Oleh: Sulis Setiawati, S.Pd
Aktivis Muslimah
Indonesia kembali menjadi lokasi uji coba vaksin, kali ini vaksin TBC, yang dilakukan oleh lembaga internasional, salah satunya didukung oleh Bill & Melinda Gates Foundation. Dengan melibatkan puluhan ribu warga Indonesia sebagai relawan, uji coba ini disebut-sebut sebagai “terobosan penting” untuk mengatasi TBC global. Namun, di balik narasi “penyelamatan kemanusiaan”, tersimpan fakta yang perlu dicermati dengan jeli bahwa Indonesia sedang dijadikan ladang eksperimen dalam skema kapitalisme global atas nama kesehatan.
Bill Gates memang dikenal sebagai filantropis di bidang kesehatan. Namun, dalam sistem kapitalisme, filantropi sering kali menjadi wajah manis dari kepentingan industri besar. Melalui yayasannya, Gates mendanai riset vaksin global, memengaruhi arah kebijakan WHO, dan berperan besar dalam proyek-proyek vaksin di negara-negara berkembang. Namun, pertanyaannya: mengapa vaksin-vaksin ini diuji di negara seperti Indonesia? Mengapa bukan di negara-negara asal korporasi farmasi itu sendiri?

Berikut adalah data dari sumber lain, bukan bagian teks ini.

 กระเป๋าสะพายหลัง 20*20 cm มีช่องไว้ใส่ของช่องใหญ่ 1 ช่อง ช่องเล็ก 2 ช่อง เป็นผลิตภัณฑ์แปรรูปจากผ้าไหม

Jawabannya jelas, karena negara seperti Indonesia lemah secara politik, ekonomi, dan regulasi. Dalam sistem kapitalisme global, negara-negara dunia ketiga dijadikan objek eksploitasi—pasar bagi produk farmasi sekaligus tempat uji coba atas nama pengentasan penyakit. Rakyat miskin dijadikan relawan, bukan karena pilihan, tetapi karena kondisi. Ini adalah kapitalisme kesehatan, di mana riset dan pengobatan dikomersialisasi, dan nyawa manusia menjadi angka statistik untuk keuntungan industri.

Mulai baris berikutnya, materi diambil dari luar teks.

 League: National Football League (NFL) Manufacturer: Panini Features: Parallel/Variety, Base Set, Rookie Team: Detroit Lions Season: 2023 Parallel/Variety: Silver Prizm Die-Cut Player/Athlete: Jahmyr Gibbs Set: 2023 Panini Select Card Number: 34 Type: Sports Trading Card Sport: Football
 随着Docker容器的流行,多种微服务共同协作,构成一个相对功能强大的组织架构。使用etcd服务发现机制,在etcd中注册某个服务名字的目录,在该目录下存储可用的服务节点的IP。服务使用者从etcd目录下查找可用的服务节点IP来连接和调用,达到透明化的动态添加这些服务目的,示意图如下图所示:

Bill Gates dan yayasannya bukan aktor tunggal, tetapi bagian dari jaringan kekuatan kapitalis global yang mengendalikan sektor kesehatan dunia. Di balik riset dan dana besar, ada skenario bisnis jangka panjang—dari paten vaksin, distribusi, hingga kontrol kebijakan kesehatan global. Indonesia, dengan sistem politik yang tunduk pada kepentingan asing, hanya menjadi pelaksana, bukan penentu arah.
Dalam sistem Islam, negara wajib menyediakan layanan kesehatan berkualitas secara gratis dan mencegah campur tangan asing dalam urusan vital umat. Pengembangan vaksin dan obat-obatan dilakukan oleh negara secara mandiri dengan mengedepankan keamanan, kehalalan, dan kepentingan umat, bukan keuntungan korporasi. Sains dan teknologi dalam Islam bukan untuk mengeruk untung, tetapi untuk menjaga kehidupan dengan standar syar‘i dan kemanusiaan hakiki.
Maka, uji coba vaksin TBC di Indonesia bukan sekadar isu kesehatan, tetapi cermin dari sistem yang menjadikan manusia sebagai alat, bukan tujuan. Umat Islam harus menyadari bahwa selama sistem kapitalisme terus bercokol, kesehatan akan tetap dikuasai korporasi, dan kita akan terus menjadi objek dari agenda global. Solusinya? Tegaknya sistem Islam kaffah dalam naungan Khilafah yang menjaga kesehatan sebagai amanah, bukan komoditas.